Vote obligatoire et seuil de représentativité

Posté par le 15/04/2015 dans A la Une, Actus | 2 commentaires

Le vote obligatoire est-il une ultime manœuvre de l’oligarchie pour « nous pousser à voter pour n’importe quel guignol » ? Ou est-ce la reconnaissance, par le système oligarchique, de son propre défaut de représentativité ?

Probablement les deux ! Du coup, il faut engager ce débat sereinement et les prendre au mot. Oui, nous voulons un système réellement représentatif, et oui, dans certaines conditions, le vote obligatoire peut nous y aider.

Rappelons que l’abstention ne touche pas uniquement mais elle touche principalement les classes les plus dépossédées économiquement. L’abstentionniste-type gagne peu, est faiblement diplômé, vit dans des quartiers de la périphérie laissés pour compte par les pouvoirs publics et les élus. Autrement dit c’est précisément ceux qui ont le plus intérêt à changer le système qui ne participent pas au processus qui devrait – en principe – permettre de le changer.

Ce paradoxe est facilement explicable. Einstein, je crois, disait que faire plusieurs fois la même chose en espérant à chaque fois un résultat différent est la marque de la folie. Il en va ainsi pour le vote. Voter une fois, deux fois, trois fois, pour que les choses changent et constater d’une part que les élus changent de programme comme ils changent de slip, et d’autre part que le système électoral exclut les formations les plus subversives par rapport au régime oligarchique, cela en dégoûte logiquement plus d’un. C’est rationnel.

Face à ce phénomène, il va de soi que la meilleure réponse réside dans la convocation d’une Assemblée Constituante qui donnerait à chacun le pouvoir réel d’édicter de nouvelles règles fondamentales, en bouleversant le vieux système représentatif – qui n’a de représentatif que son nom – par l’adjonction d’une bonne dose de démocratie directe.
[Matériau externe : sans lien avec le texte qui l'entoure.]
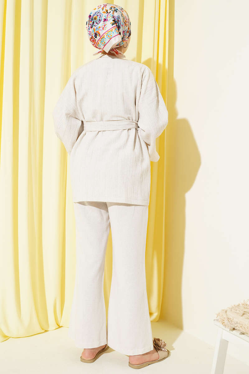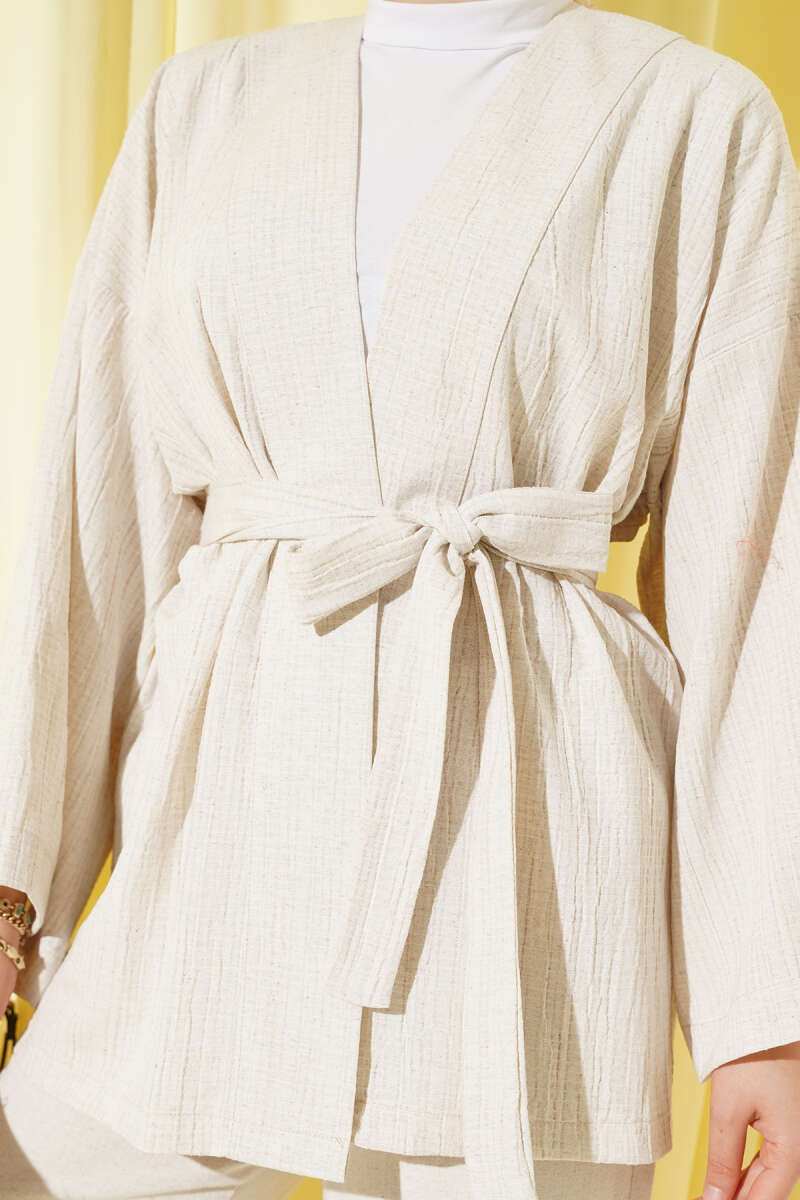 Omuz Vatkalı Degaje Yaka Sandy Bluz Bej

En plus des référendums d’initiative citoyenne qui permettent au peuple d’intervenir directement et en temps réel sur le programme de gouvernement, une 6ème République réellement démocratique laisserait le dernier mot au Peuple sur la pérennité des mandats d’élus. L’instauration du droit de révoquer signalerait en effet un changement fondamental de relation entre le mandant et le représentant.

Ces mesures de contrôle citoyen, dont on présume qu’elles favoriseront la participation et dissuaderont l’abstention, sont-elles incompatibles avec le vote obligatoire ? A mon sens, non. J’en ai assez de constater que le comportement des « élites » politiques d’une part et celui des médias (information, divertissement..) conduisent à expulser les classes populaires de la vie civique. Pour moi, on est victime de l’abstention, pas coupable. Du coup, je vois le vote obligatoire comme l’acquisition d’un nouveau droit, d’un pouvoir nouveau, et, pour une fois, pas pour les classes possédantes.
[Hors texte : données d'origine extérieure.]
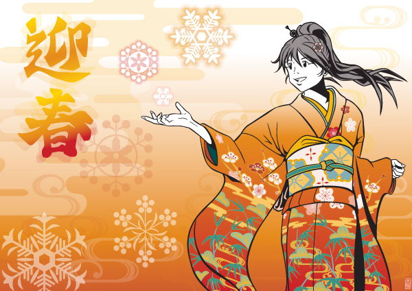 年賀状用イラストとして作りました。着物の絵柄を考えるのが楽しかったです。

Bien sûr, cela ne vaut que si les citoyens ne sont pas obligés de donner une légitimité non-méritée aux mêmes politiques en place. Du coup, le vote obligatoire n’a de sens que s’il s’accompagne d’un seuil de représentativité. Concrètement, si le vote blanc est tel que le nombre de votes « exprimés » n’atteint pas un seuil minimal (à définir), alors le « vainqueur » n’est pas élu et on recommence l’élection.

Dans la configuration d’un scrutin proportionnel par liste, qui serait logiquement mis en place si l’on recherche une meilleure représentativité, il faudra atteindre un seuil minimal de votants pour combler tous les sièges à pourvoir. Si le nombre de votes exprimés est insuffisant, on ne pourvoit pas tous les sièges et on recommence l’élection pour le reliquat.

Je rappelle que cette semaine un sondage affirme que la majorité des français sont favorables à la proportionnelle. Je ne crois pas aux sondages, mais ce résultat me semble logique, si l’on se fie aux résultats électoraux. La majorité des français ne se sent pas représentée dans le système électoral actuel. En général, les candidats qui arrivent au second tour ont recueilli entre 10 et 15% des voix, rapportés aux inscrits. C’est très peu. Pour ceux qui aiment les sondages, je rappelle que selon 20minutes.fr les français sont également favorables au droit de révoquer les élus. Le possibilité de destituer les élus est également une des propositions phares du Rapport Nadal rendu au Président de la République en janvier 2015, rapport dont je conseille à tous la lecture, surtout le chapitre IV "Améliorer la sanction des manquements à l'exemplarité" et son sous-chapitre 2 "Priver les élus non-exemplaires de leur mandat".

Pour conclure, je veux dire à quel point cette discussion mérite d’être ouverte à tous. On ne peut pas se proclamer favorable à "l’engagement républicain" et mener tous ces débats en chambre. Nous avons tous notre mot à dire sur le fonctionnement de notre démocratie. Voilà pourquoi le vote obligatoire avec seuil de représentativité, comme la proportionnelle, comme le droit de révoquer, comme toutes les autres propositions qui existent, doivent être délibérées dans une Assemblée Constituante pour la 6ème République.

2 commentaires

  1. A mon sens le manque de représentativité de l'oligarchie ne tient pas à un manque de bulletins de vote dans l'urne mais au fait qu'elle ne respecte pas les décisions du corps électoral ('non' au référendum sur la constitution européenne de 2005), qu'elle ne respecte pas le programme qui est présenté et défendu pendant la campagne électorale et qu'elle met en place des mécanismes dictatoriaux (Ex. : traités européens qui permettent à Junker de déclarer impossible pour les citoyens de changer les politiques par leur vote !) .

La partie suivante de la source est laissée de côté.